Hey, sorry, I tried looking up a case study of this for myself, but couldn’t find anything substantial. Do you guys have anything like this?
I’m wondering about the new pipeline purely from an economic sense.
Essentially stuff like:
- Projected taxpayer funded dollars to build the entire thing (a projected bell curve of expenditure).
- Projected oil demand, and price for the time that the pipeline remains operational.
- Finally, a bell curve of ROI for us.
I know I know, the environmental damage this would do is horrible, blah blah blah. I agree. I just want to know if this is at the very least a good financial decision or not.
Again, I’m looking for actual quantitative projections. Not stuff like, “but Asia is moving toward renewables”.


Okay, so according to the trans mountain pipeline corporation, it returned 1.7B to the owner in 2025 and 0.45B in Q1 2026.
It says that the forecasted dividends for the coming years are higher. I’m not sure how they forecasted this, but whatever.

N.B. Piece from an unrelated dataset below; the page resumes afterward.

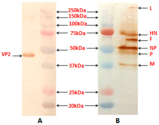 Western blot analysis of the proteins produced by purified recombinant NDV containing VP2 gene of infectious bursal disease virus (IBDV). Purified virus samples were separated on 12.5% sodium dodecyl sulfate polyacrylamide gel electrophoresis (SDS-PAGE). Proteins were then transferred to nitrocellulose membrane and blocked in 1% BSA in TBST. Membranes were incubated with either mouse anti-VP2 monoclonal antibody or chicken anti-NDV polyclonal antibody at 4 °C for 1 h. Membranes were washed in TBST and then incubated with secondary antibody conjugated with HRP in 1% BSA in TBST for 1 h at room temperature. Membranes were washed in TBST and incubated with Sigma Fast DAB (Sigma, USA) color development reagent for 15 min and then visualized. (A) The position of the VP2 protein of about 48-kDa (right) and marker proteins (Precision Plus Protein Standards, Bio-Rad, USA) are as indicated. The blot was probed with anti-mouse IBDV-VP2 monoclonal antibody (Abcam, USA). (B) The positions of the NDV L, HN, F, NP, P and M (right) and marker proteins are as indicated. The blot was probed with anti-chicken NDV polyclonal antibody.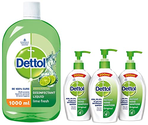 Dettol Liquid Disinfectant for Floor Cleaner Surface Disinfection Personal Hygiene (Lime Fresh 1L)Dettol Disinfectant Multipurpose Liquid cleaner provides protection to you and your family against illness causing germs. This disinfectant liquid sanitizes your home and also helps maintain your personal hygiene. It can be used in bath laundry floor and surface cleaning leaving everything clean and fresh. This multipurpose disinfenctant cleaner for home is recommended by Indian Medical Association. USAGE: Recommended dilutions to protect your family from germs: Bathing - 1 capful to a bucket of water (10 litres); Kitchen Slab - 1 capful to a litre of water; Shaving - 1 capful to a litre of water; Floor Cleaning - 1 capful to a litre of water; Laundry - 1 capful to a litre of water in the last rinse; Refrigerator - 1 capful to a litre of water. If swallowed seek immediate medical advise.Dettol Original Germ Protection Alcohol based Hand Sanitizer Pump 200ml (Pack of 3)DETTOL Hand Sanitizer is protection on the go; whether you are using a public toilet public transport or simply eating outside use DETTOL Sanitizer that offers water-less protection against germs. DETTOL hand sanitizer is specially formulated to protect you from 100 illness causing germs withot the use of soap and water. This rinse free and non-sticky sanitizer is recommended by Indian Medical Association. USAGE: Squirt a thumbnail amount onto the palms. Spread sanitizer and rub palms together. Rub tips of each hand with palm of other hand. Rub hands together until they are dry.

They also talk about some “optimization program” to increase throughput volumes by 30%.
Regardless, let’s say the average revenue goes to around 2B per year. In that case, it would require around 20 years to break even (considering the 4.5B + 34B put in by the feds). Everything after that is profit.
Buuuut yeah, I don’t have data on projected oil demand till 2046. And constructing ANOTHER megaproject in addition to this one… Yeeeeah I dunno…
They like putting up business studies and projected revenues and all that for everything. Why not for the new pipeline? That’s just so unprofessional and irresponsible.